### Exercise instructions
Only the stretch of the listing below that runs from the line with "Wohnwagen: Der Wohnwagen" through the line with "This set comes" is to be printed, exactly and with both ends.

### Given data

● ● ● ●

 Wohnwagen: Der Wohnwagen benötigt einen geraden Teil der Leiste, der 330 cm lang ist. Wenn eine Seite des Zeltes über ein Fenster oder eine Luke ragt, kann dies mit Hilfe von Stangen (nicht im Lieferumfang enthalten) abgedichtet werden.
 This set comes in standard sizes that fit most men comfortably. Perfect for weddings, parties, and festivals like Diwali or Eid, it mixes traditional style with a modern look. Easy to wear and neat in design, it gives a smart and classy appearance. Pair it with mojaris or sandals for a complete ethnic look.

● ● ● ●

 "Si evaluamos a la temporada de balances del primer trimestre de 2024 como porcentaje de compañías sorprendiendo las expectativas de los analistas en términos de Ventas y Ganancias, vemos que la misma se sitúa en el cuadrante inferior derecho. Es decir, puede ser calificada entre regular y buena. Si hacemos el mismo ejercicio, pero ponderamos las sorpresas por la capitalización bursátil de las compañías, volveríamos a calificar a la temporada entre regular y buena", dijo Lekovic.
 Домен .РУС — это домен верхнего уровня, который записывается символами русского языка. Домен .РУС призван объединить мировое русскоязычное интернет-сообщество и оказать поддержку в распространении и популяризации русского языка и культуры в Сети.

● ● ● ●

### Solution to this problem
 Wohnwagen: Der Wohnwagen benötigt einen geraden Teil der Leiste, der 330 cm lang ist. Wenn eine Seite des Zeltes über ein Fenster oder eine Luke ragt, kann dies mit Hilfe von Stangen (nicht im Lieferumfang enthalten) abgedichtet werden.
 This set comes in standard sizes that fit most men comfortably. Perfect for weddings, parties, and festivals like Diwali or Eid, it mixes traditional style with a modern look. Easy to wear and neat in design, it gives a smart and classy appearance. Pair it with mojaris or sandals for a complete ethnic look.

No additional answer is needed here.